Ioannis Ioannou argues that a commitment to sustainability must be more than skin deep if it is to engender trust in a corporation.
Companies that behave well cannot always be trusted—at least not until you know more about their corporate culture.
Some set up elaborate websites to showcase their ethics and broader commitments to society and the environment. Others participate in the UN Global Compact, publish sustainability reports, implement complex and detailed sustainability scorecards, or adopt far-reaching mission statements. Most are undertaking numerous corporate social responsibility (CSR) initiatives, including carbon, energy, and water management and community involvement. Why not trust them?
Actions alone are simply not enough. In times of economic crisis, these initiatives are often dropped or cut back—a sign of fickle commitment. There is also a major lack of understanding by the companies regarding the true impact of their “socially responsible” activities on themselves and on others. Frequently they follow the latest sustainability trends simply because others do.
As a result, plenty of these initiatives soon fail, are ineffective or wasteful, cannot scale up, and even destroy shareholder wealth. Not surprisingly, companies that engage in such activities have received a mostly negative reaction by capital markets—often by consumers too. PepsiCo (PEP), for example, had to refocus attention on products that linked to obesity and diabetes risks, retreating from earlier promises to make health and wellness a priority. This was partly due to capital-market pressures to fix declining profitability and a flat share price.
However, as recent research (PDF not available) shows, in order to build trust a company needs to become sustainable not only environmentally, but also in the social and economic senses. Adopting a multi-dimensional commitment to sustainability, deeply embedding it into its corporate culture, and synergistically linking it to corporate strategy involves leadership and corporate governance, deep stakeholder engagement, strong employee commitment, transparent reporting and auditing practices, and truly long-term thinking. Significant financial benefits await companies that do establish such a culture.
Corporate cultures are not established overnight. They require time, effort, investment, and long-term commitment. It’s a transformational change that may take years.

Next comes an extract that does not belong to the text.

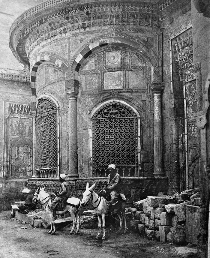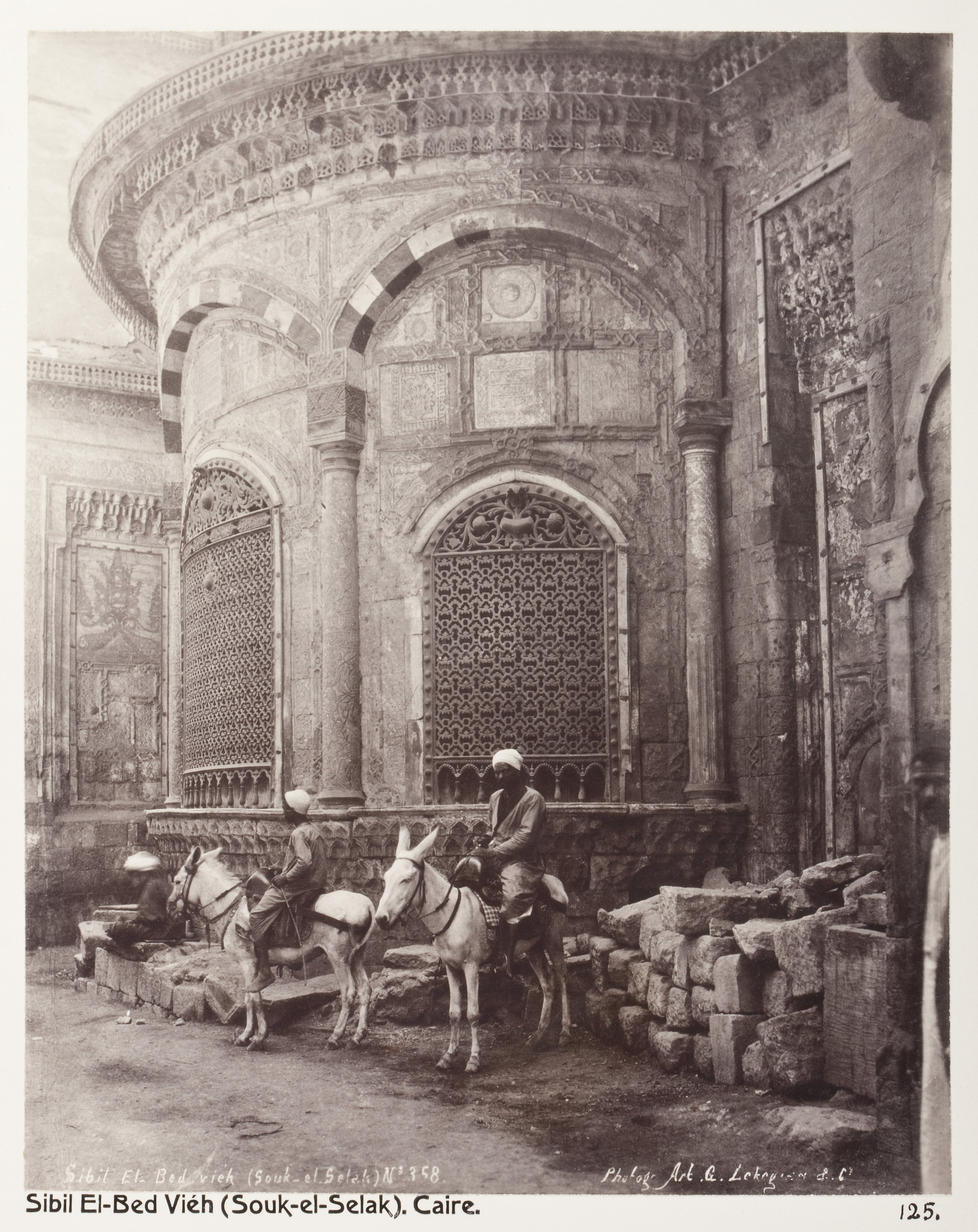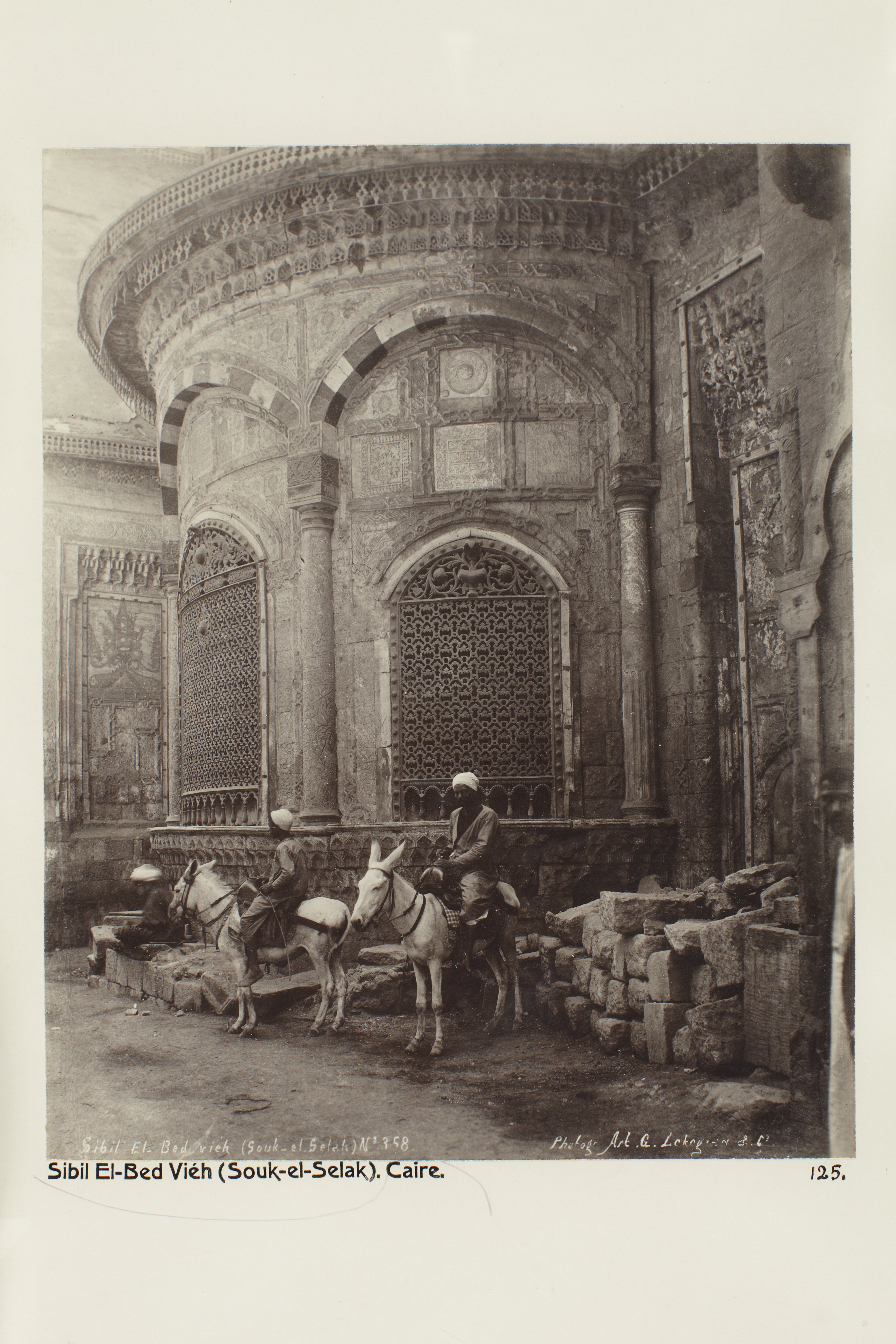 Den gamla vapenmarknaden, Souk-el-selak. Kairo, Egypten. Text på fotografiet: Caire. Sibil El-Bed Viéh (Souk-el-Selak). Fotografierna LXVI:M.01.- 201. kommer från resan till Egypten och Sudan som Wilhelmina och Walther von Hallwyl gjorde vintern 1900-1901. De lämnade Sverige den 5 november 1900 och fortsatte från Egypten till Palestina den 28 mars 1901. Med på resan var döttrarna Ellen med maken Henric de Maré och Irma med maken Wilhelm von Geijer. Wilhelminas sällskapsdam, fröken Ida Uhse reste också med. Under en del av resan anslöt sig ledamoten av Internationella domstolen i Kairo, assessorn Otto Conrad Waldemar Cedercrantz med makan Anna Elisabeth. Vid resan uppför Nilen hade Walther von Hallwyl hyrt ångfartyget Columbia med besättning. Båtresan startade i Kairo 27 december 1900, gick ända till Wadi Halfa varifrån man reste vidare med tåg till Khartum och tillbaka till Wadi Halfa. Båten vände åter i riktning mot Kairo, men det verkar som att sällskapet tog tåg sista biten, från Luxor. Henric och Ellen de Maré samt fru Cedercrantz lämnade båten redan då de passerade Luxor första gången. Resten av sällskapet återvände till Kairo den 1 mars. Fotografierna LXVI:M.01.-120. togs av resenärerna själva, de största av Ellen de Maré, de mellersta av Wilhelmina von Hallwyl och de minsta av Wilhelm von Geijer. Resten köptes av professionella fotografer i Kairo, de flesta från Studio Photogr. Artistique G. Lekegian & Cie. Alla uppgifter kommer från Ida Uhses reseanteckningar. Inköpt hos studio Photogr. Artistique G. Lekegian & Co’.
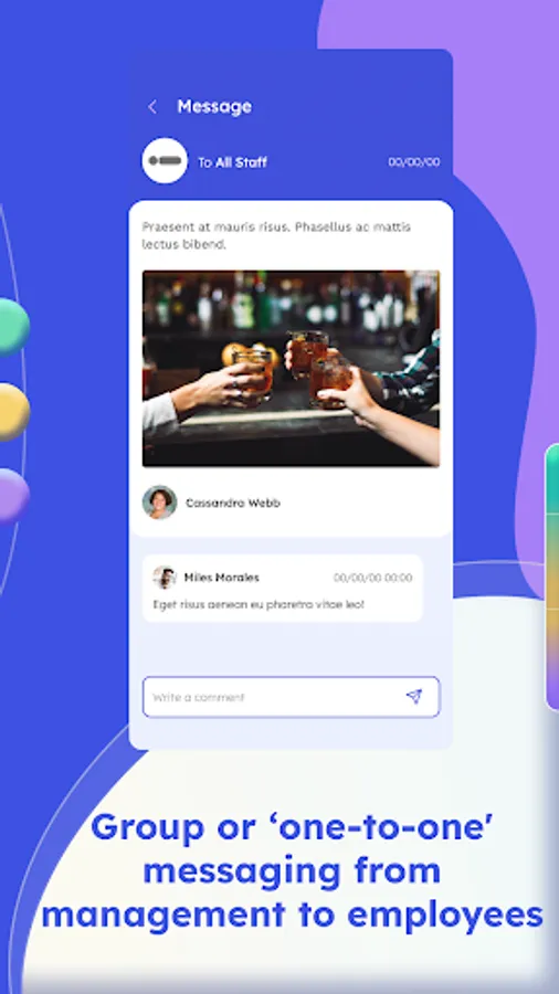 💬 Effective Team Communication: Stay connected with your team. Share information, news and updates effortlessly with your staff through one-on-one or group messaging,

This means that during the period of change, companies may sometimes behave well and also misbehave, depending on how far along they are on the journey.
Therefore, in deciding whether to trust business, keep in mind two things. First, good behaviour alone is not enough to make a company trustworthy. Second, bad behaviour should not automatically lead to the loss of your trust. Ultimately, it’s crucial to understand the direction and speed of change that mark the company’s corporate culture.